- _What needs to be done_:
An unchanged copy of each entry below is needed; keep the pictures out of it.

- _Data listing_:
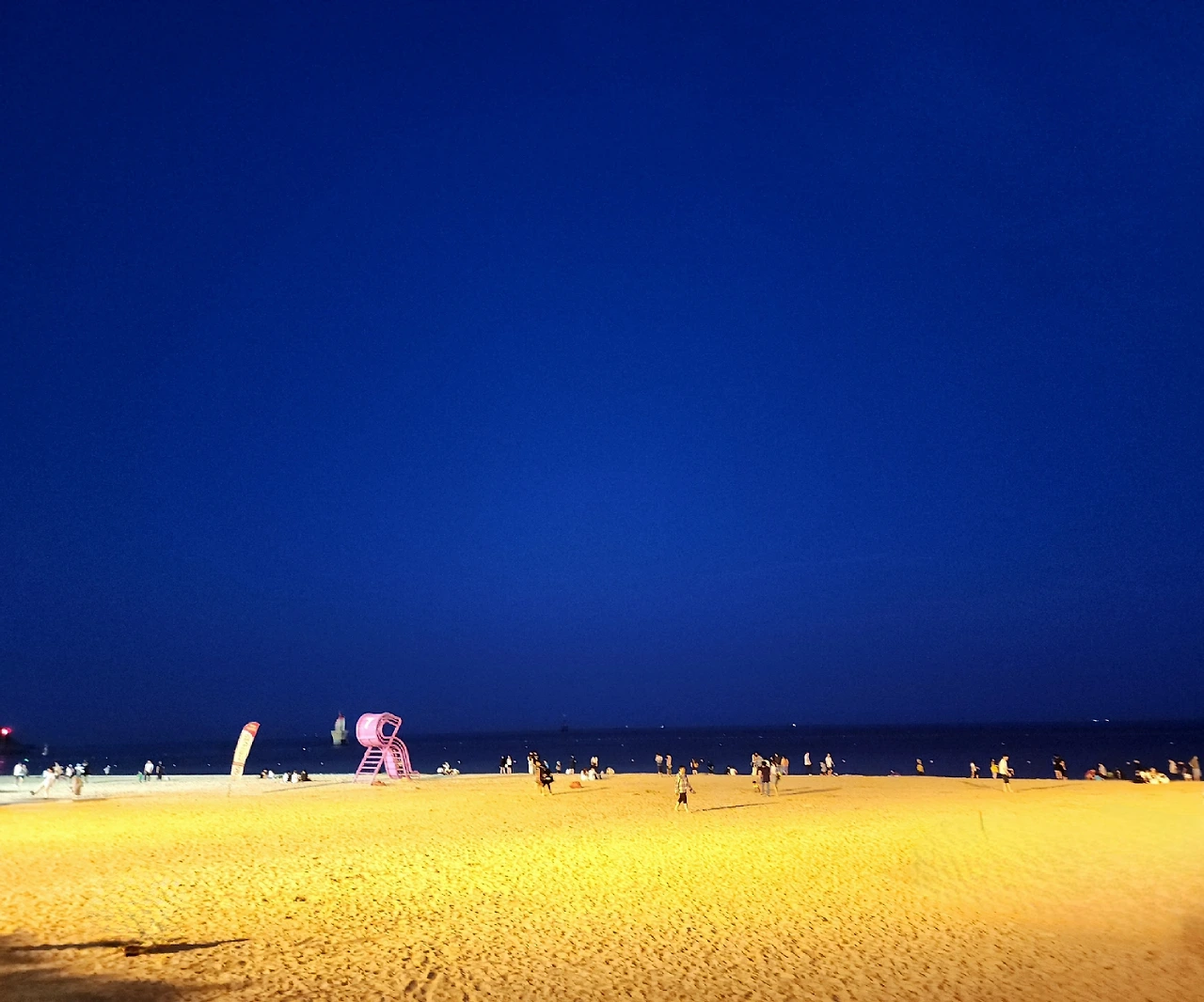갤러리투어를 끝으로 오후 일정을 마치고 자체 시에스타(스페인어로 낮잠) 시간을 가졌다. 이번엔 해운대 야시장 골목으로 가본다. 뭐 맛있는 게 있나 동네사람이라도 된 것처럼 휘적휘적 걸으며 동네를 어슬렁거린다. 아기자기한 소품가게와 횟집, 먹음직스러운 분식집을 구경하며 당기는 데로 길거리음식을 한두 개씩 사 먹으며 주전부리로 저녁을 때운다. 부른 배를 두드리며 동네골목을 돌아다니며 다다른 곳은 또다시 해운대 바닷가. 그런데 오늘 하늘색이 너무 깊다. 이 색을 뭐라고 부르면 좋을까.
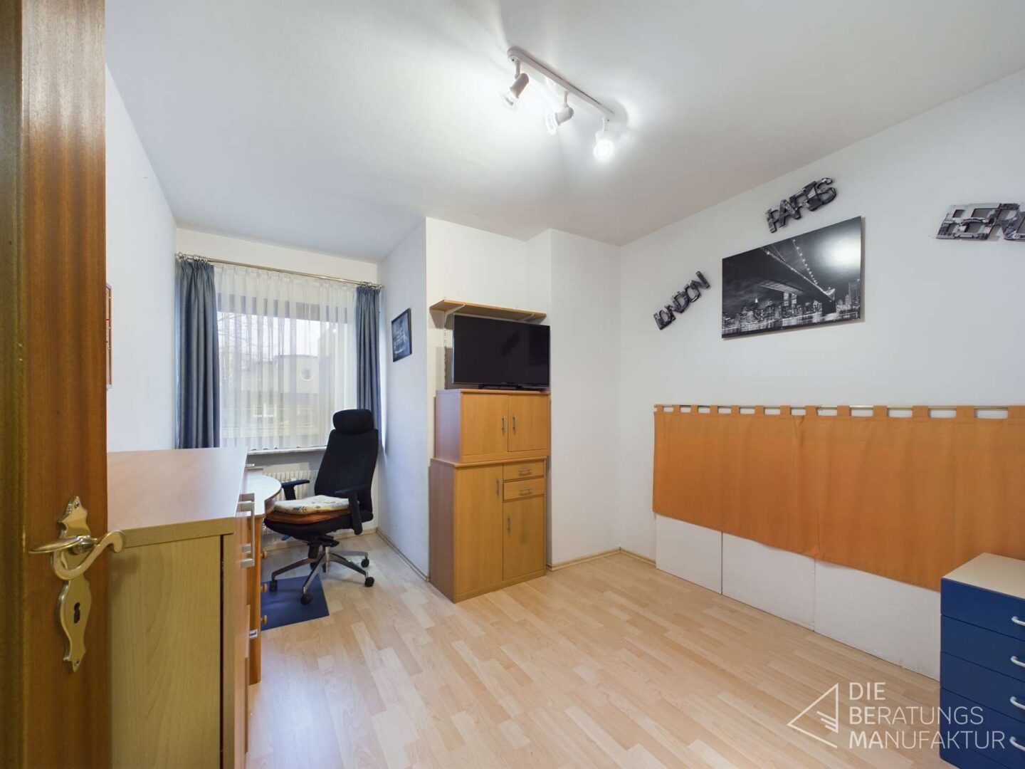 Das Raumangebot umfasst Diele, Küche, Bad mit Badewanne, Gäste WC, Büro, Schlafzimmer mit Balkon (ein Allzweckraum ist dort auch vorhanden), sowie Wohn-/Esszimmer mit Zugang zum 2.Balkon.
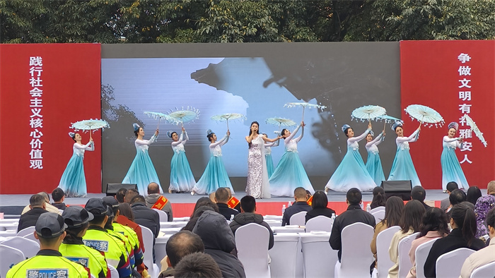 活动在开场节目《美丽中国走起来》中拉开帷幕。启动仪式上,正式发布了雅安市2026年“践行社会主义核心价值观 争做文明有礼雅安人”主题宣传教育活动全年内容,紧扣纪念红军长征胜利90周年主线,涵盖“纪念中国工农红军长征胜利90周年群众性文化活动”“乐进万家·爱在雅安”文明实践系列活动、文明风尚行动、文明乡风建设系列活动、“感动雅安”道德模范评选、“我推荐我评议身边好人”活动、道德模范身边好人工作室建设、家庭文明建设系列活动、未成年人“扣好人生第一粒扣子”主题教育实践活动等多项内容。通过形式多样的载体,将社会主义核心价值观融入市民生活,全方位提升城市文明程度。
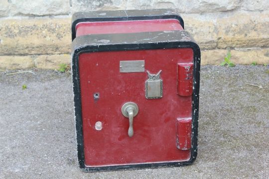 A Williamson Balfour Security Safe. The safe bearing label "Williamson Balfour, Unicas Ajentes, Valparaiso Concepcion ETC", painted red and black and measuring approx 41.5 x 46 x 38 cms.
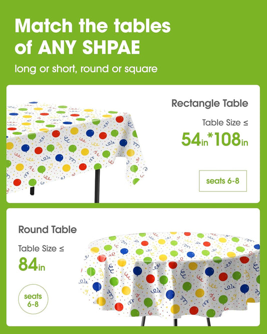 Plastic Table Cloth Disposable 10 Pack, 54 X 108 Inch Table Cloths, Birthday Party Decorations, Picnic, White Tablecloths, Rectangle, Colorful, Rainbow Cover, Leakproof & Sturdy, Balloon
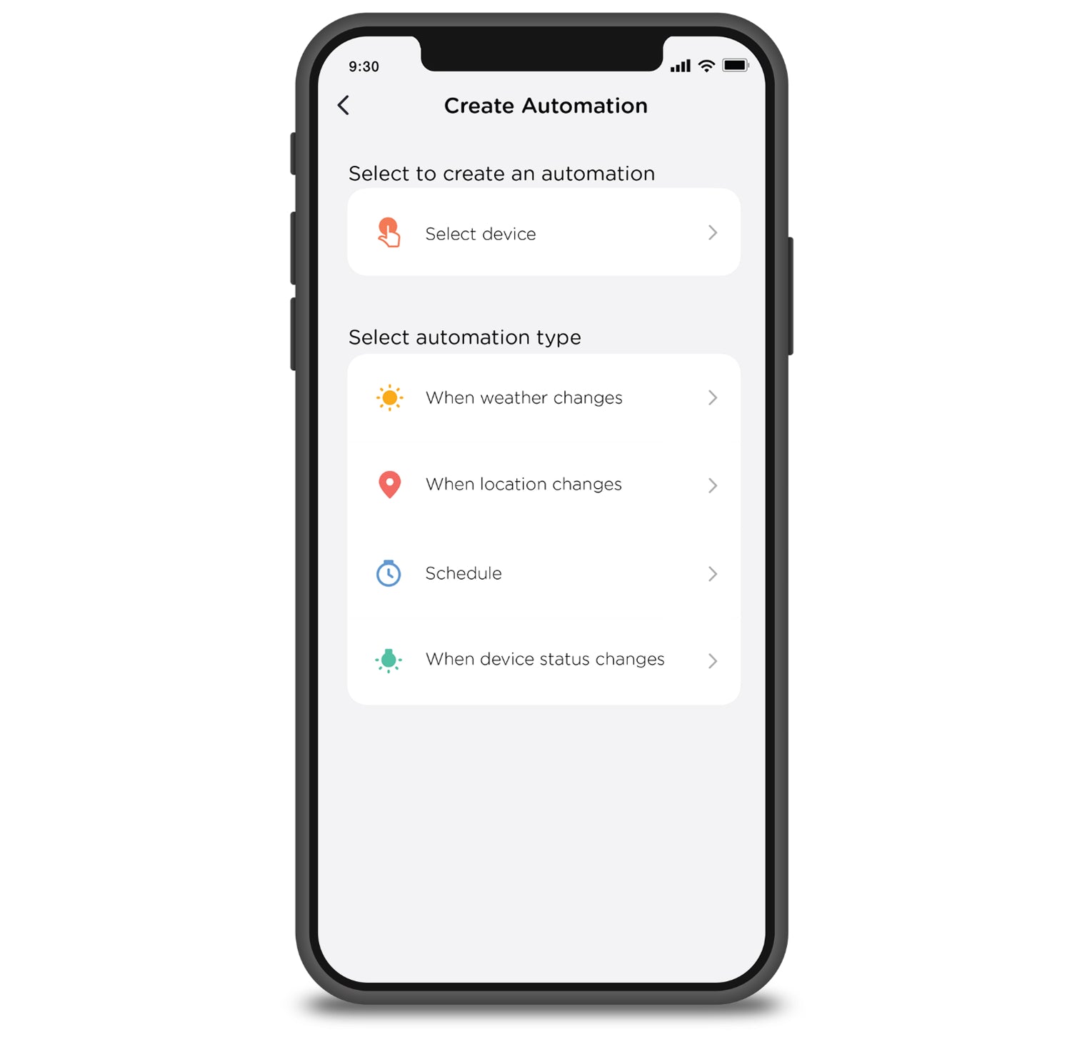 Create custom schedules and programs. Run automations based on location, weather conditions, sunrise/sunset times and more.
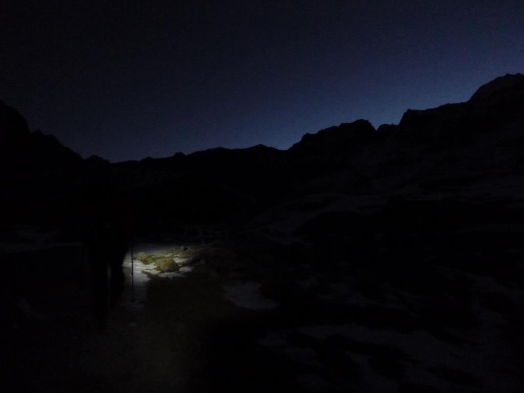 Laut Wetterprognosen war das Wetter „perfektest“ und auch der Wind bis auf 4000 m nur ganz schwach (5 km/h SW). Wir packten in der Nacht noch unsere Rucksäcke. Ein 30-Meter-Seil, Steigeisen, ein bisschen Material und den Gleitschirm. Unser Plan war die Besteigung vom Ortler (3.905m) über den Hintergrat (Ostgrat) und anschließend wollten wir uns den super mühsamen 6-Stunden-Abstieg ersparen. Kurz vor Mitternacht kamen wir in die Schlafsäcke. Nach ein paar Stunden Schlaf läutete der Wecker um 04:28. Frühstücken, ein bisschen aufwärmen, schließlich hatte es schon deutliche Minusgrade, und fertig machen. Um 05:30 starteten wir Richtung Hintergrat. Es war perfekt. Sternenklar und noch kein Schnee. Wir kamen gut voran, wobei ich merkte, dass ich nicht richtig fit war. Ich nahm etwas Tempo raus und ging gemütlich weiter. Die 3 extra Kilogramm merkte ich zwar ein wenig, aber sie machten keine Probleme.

- _Your response_:
갤러리투어를 끝으로 오후 일정을 마치고 자체 시에스타(스페인어로 낮잠) 시간을 가졌다. 이번엔 해운대 야시장 골목으로 가본다. 뭐 맛있는 게 있나 동네사람이라도 된 것처럼 휘적휘적 걸으며 동네를 어슬렁거린다. 아기자기한 소품가게와 횟집, 먹음직스러운 분식집을 구경하며 당기는 데로 길거리음식을 한두 개씩 사 먹으며 주전부리로 저녁을 때운다. 부른 배를 두드리며 동네골목을 돌아다니며 다다른 곳은 또다시 해운대 바닷가. 그런데 오늘 하늘색이 너무 깊다. 이 색을 뭐라고 부르면 좋을까.
 Das Raumangebot umfasst Diele, Küche, Bad mit Badewanne, Gäste WC, Büro, Schlafzimmer mit Balkon (ein Allzweckraum ist dort auch vorhanden), sowie Wohn-/Esszimmer mit Zugang zum 2.Balkon.
 活动在开场节目《美丽中国走起来》中拉开帷幕。启动仪式上,正式发布了雅安市2026年“践行社会主义核心价值观 争做文明有礼雅安人”主题宣传教育活动全年内容,紧扣纪念红军长征胜利90周年主线,涵盖“纪念中国工农红军长征胜利90周年群众性文化活动”“乐进万家·爱在雅安”文明实践系列活动、文明风尚行动、文明乡风建设系列活动、“感动雅安”道德模范评选、“我推荐我评议身边好人”活动、道德模范身边好人工作室建设、家庭文明建设系列活动、未成年人“扣好人生第一粒扣子”主题教育实践活动等多项内容。通过形式多样的载体,将社会主义核心价值观融入市民生活,全方位提升城市文明程度。
 A Williamson Balfour Security Safe. The safe bearing label "Williamson Balfour, Unicas Ajentes, Valparaiso Concepcion ETC", painted red and black and measuring approx 41.5 x 46 x 38 cms.
 Plastic Table Cloth Disposable 10 Pack, 54 X 108 Inch Table Cloths, Birthday Party Decorations, Picnic, White Tablecloths, Rectangle, Colorful, Rainbow Cover, Leakproof & Sturdy, Balloon
 Create custom schedules and programs. Run automations based on location, weather conditions, sunrise/sunset times and more.
 Laut Wetterprognosen war das Wetter „perfektest“ und auch der Wind bis auf 4000 m nur ganz schwach (5 km/h SW). Wir packten in der Nacht noch unsere Rucksäcke. Ein 30-Meter-Seil, Steigeisen, ein bisschen Material und den Gleitschirm. Unser Plan war die Besteigung vom Ortler (3.905m) über den Hintergrat (Ostgrat) und anschließend wollten wir uns den super mühsamen 6-Stunden-Abstieg ersparen. Kurz vor Mitternacht kamen wir in die Schlafsäcke. Nach ein paar Stunden Schlaf läutete der Wecker um 04:28. Frühstücken, ein bisschen aufwärmen, schließlich hatte es schon deutliche Minusgrade, und fertig machen. Um 05:30 starteten wir Richtung Hintergrat. Es war perfekt. Sternenklar und noch kein Schnee. Wir kamen gut voran, wobei ich merkte, dass ich nicht richtig fit war. Ich nahm etwas Tempo raus und ging gemütlich weiter. Die 3 extra Kilogramm merkte ich zwar ein wenig, aber sie machten keine Probleme.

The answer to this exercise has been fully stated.